- Publisher(s): Capcom
- Platform(s): Arcade
- Release: Fall 2005 (JP) (Version 1) Spring 2006 (JP) (Version 2) Fall 2006 (JP) (Version 3)
- Genre(s): Real-time tactical role-playing game
- Mode(s): Single-player, multiplayer

= Rockman EXE Battle Chip Stadium =

2005 video game

Rockman EXE Battle Chip Stadium is an arcade game in the Mega Man Battle Network sub-series of Mega Man games from Capcom. This game was not released outside Japan. Under the name of "Battle Station", the arcade game was featured a number of times in episodes of the Rockman EXE Beast+ anime series.

==Gameplay==
The game features much of the same gameplay found in the Battle Network series and was updated near monthly with new characters and attacks, as well as updating the hardware.
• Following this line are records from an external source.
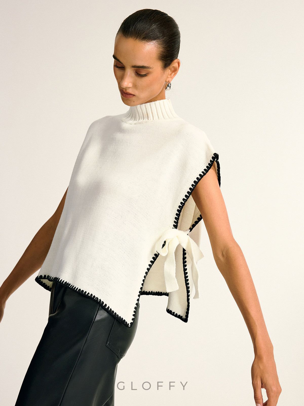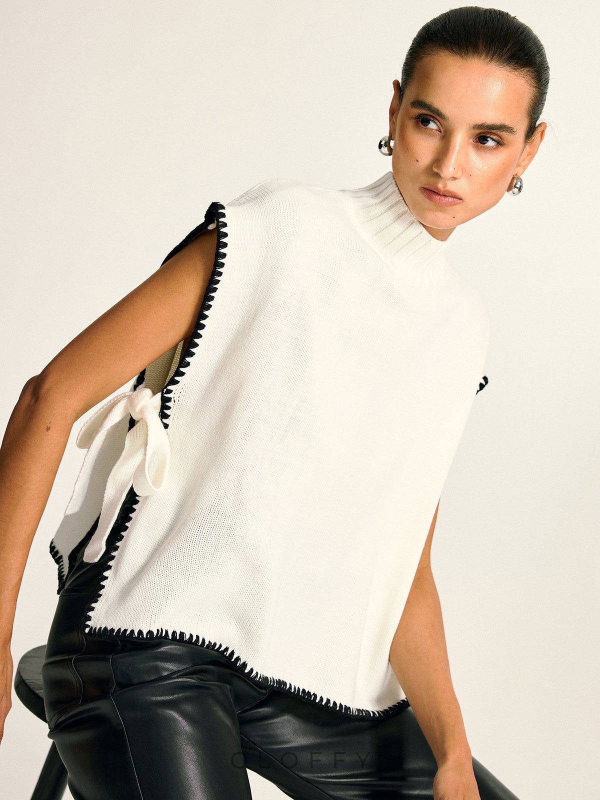Kontrast Kenar Yan Fiyonk Yuvarlak Yaka Süveter Yelek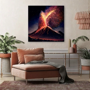 Quadro su tela - Stampe su Tela - Un'eruzione vulcanica unica di notte con colori dinamici. - 80x120cm - Bellezza e minaccia - Decorazione murale moderna per soggiorno e camera da letto ARTTOR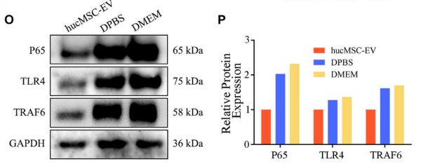 研究团队首先检测了与炎症信号通路相关的蛋白p65和TLR4,结果发现hucMSC-EV组p65和TLR4的表达水平显著低于DPBS组和DMEM组,这意味着p65和TLR4可能在hucMSC-EV介导的输卵管炎症缓解中发挥重要作用(如图O-P)。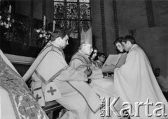 28.05.1972, Warszawa, Polska. Otrzymanie ścięceń kapłańskich z rąk kardynała Stefana Wyszyńskiego w archikatedrze św. Jana Chrzciciela. Fot. Adam Szymański, zbiory Ośrodka KARTA.
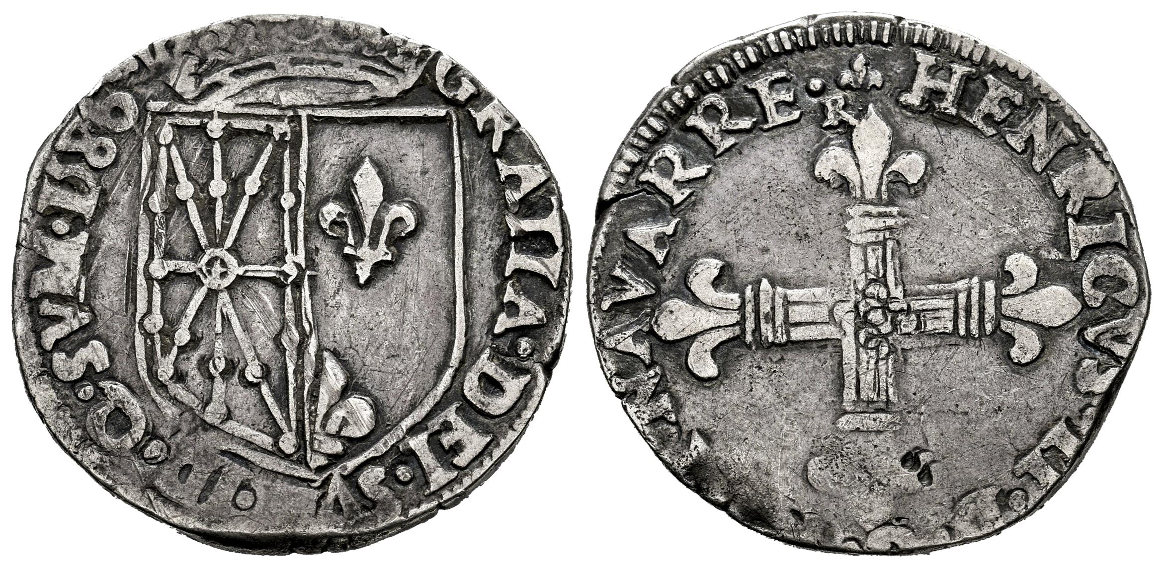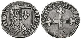 France. Henri III of Navarra, II of Béarn (1572-1589). 1/4 ecu. 1586. Navarre. (Duplessy-1402). (Boudeau-611). Ag. 9,23 g. Patina. Scarce. VF. Est...150,00.
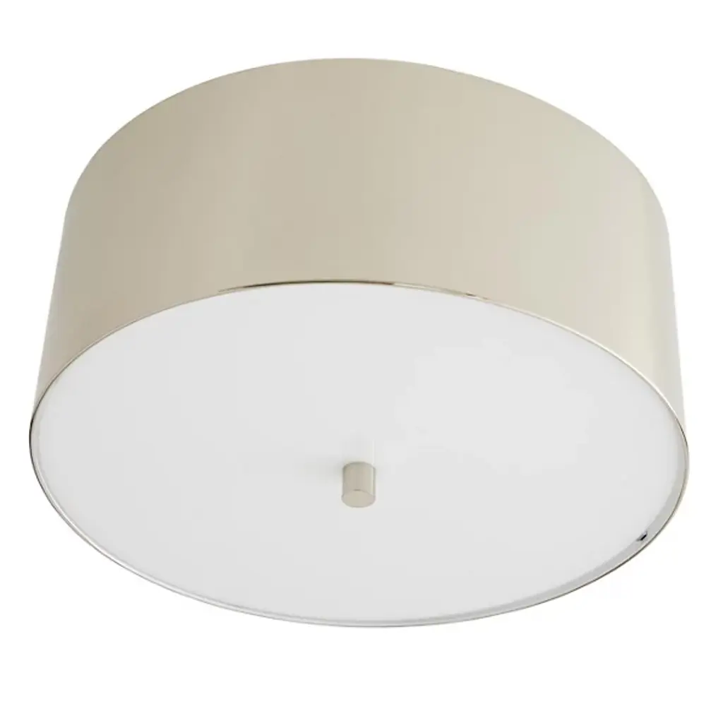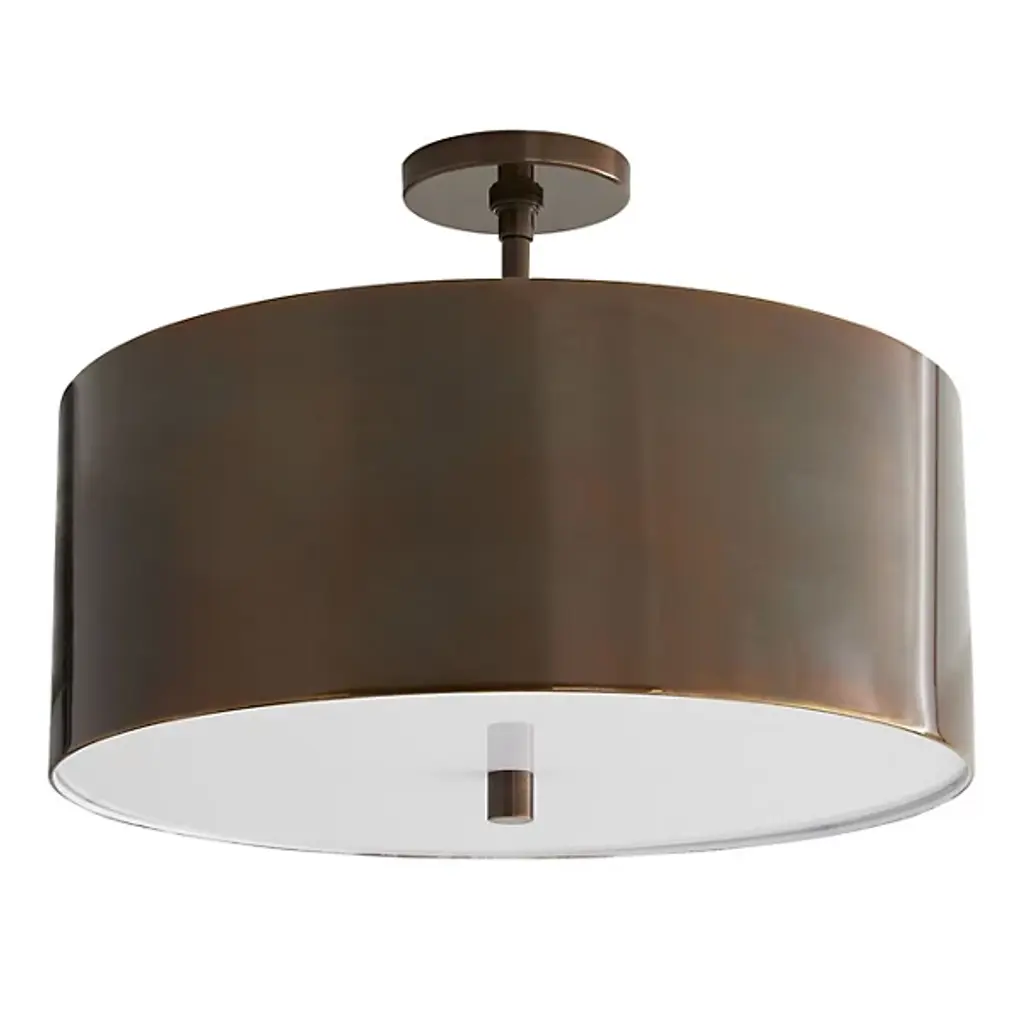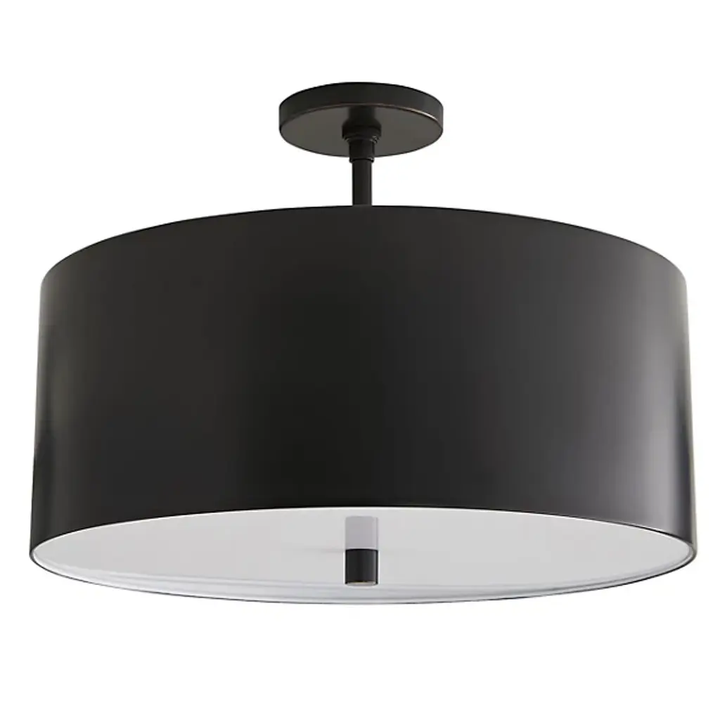 The Tarbell Semi-Flushmount by Arteriors captivates a space with its straightforward design and sleek composition. Suspended from a round canopy and narrow stem, the curved drum shade is constructed from steel to form a smooth and sophisticated shade. An acrylic diffuser maintains the simplicity of its design as it effortlessly softens the light that glows from the incandescent lamping inside. A rounded finial rounds out the modern fixture, making it a stylish addition to a bathroom, kitchen, or bedroom.

Machines could be linked to allow players to face each other in NetBattles, showing their abilities over NetNavis. NetNavis featured included the so-called "Link Navis" from Rockman EXE 6, with the inclusion of other, exclusive NetNavis like Colonel, Falzar-Beast Forte and Dark Rockman.

After inserting the play cost of 100 yen, battling was started by slotting up to three merchandise Battle Chips into the machine per turn. Attacking was engaged by pressing a button, with the chips inserted having a chance of being successful, unsuccessful or critical (inflicting extra damage); this was made so to not make the game too easy by using potentially overpowered chips. Winning a round of the game dispensed a new, randomly picked Battle Chip from stock contained inside the arcade machine. Battle Chips given as prizes changed over time in 'volumes' and later versions/revisions of the game; not surprisingly, most of the Battle Chip range was obtainable from the game, including an amount of exclusives. Battle Chips won during play could also have a different colour casing.
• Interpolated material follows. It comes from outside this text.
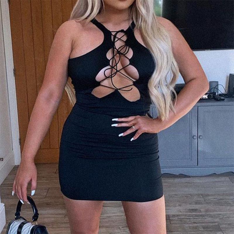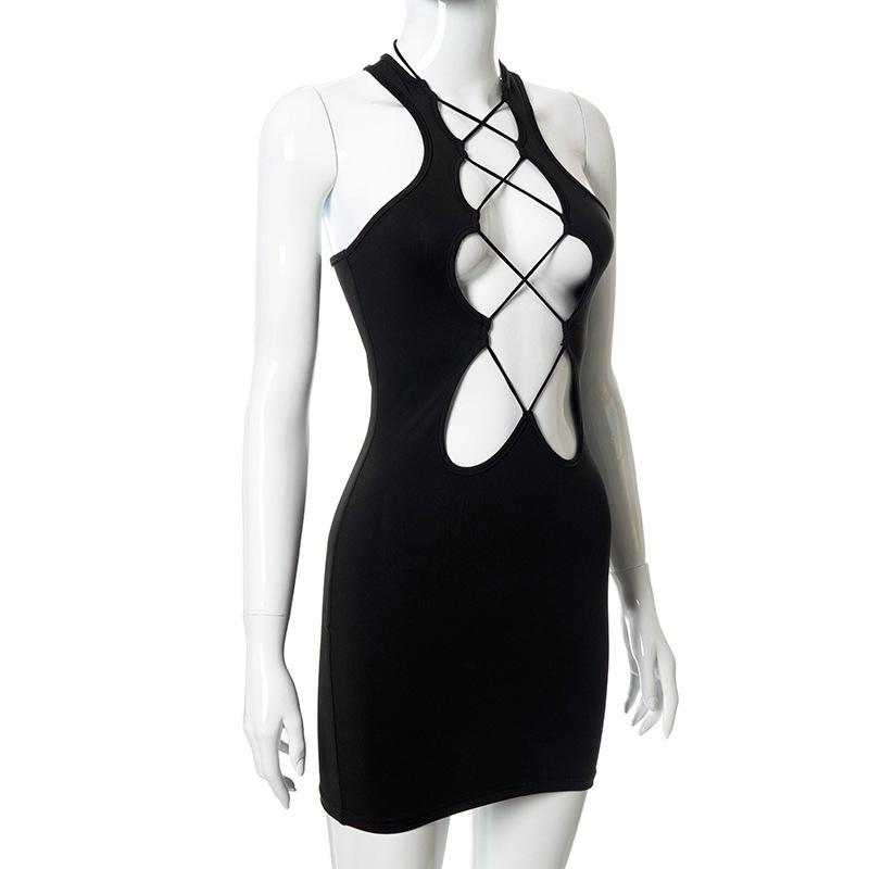Vestido informal sin mangas con bandolera de color sólido, sexy, sin espalda, para mujer, de verano, transfronterizo, Europa y Estados Unidos, 2024

Although most characters were playable, another way to use Battle Chips was slotting in a different kind of chip, the Navi Data Chip, through a separately marked chip port. Navi Data Chips could be leveled by gaining experience inside the arcade game or through using the LiNK PET_EX from the Beast lineup of merchandise. Using a Navi Data Chip allowed play with a leveled and hence stronger version of that Navi, when compared to the default in character select, or characters not present on the roster. Levels in the PET were proportional to levels in the game and in use with specific features in Battle Network 6.

The Program Advance system seen in the Rockman EXE series was expanded upon greatly for Battle Chip Stadium, with over 125 different sequences available. Use of Program Advances were governed by the same rules as all other chips, in whether they were a successful attack or not. Program Advances in Battle Chip Stadium were grouped in Mega-, Giga- and Tera- classes. To facilitate for performing these combination's, Capcom and Takara Tomy released specialized booster packs for the game containing specific Battle Chips in order to perform specific Program Advances.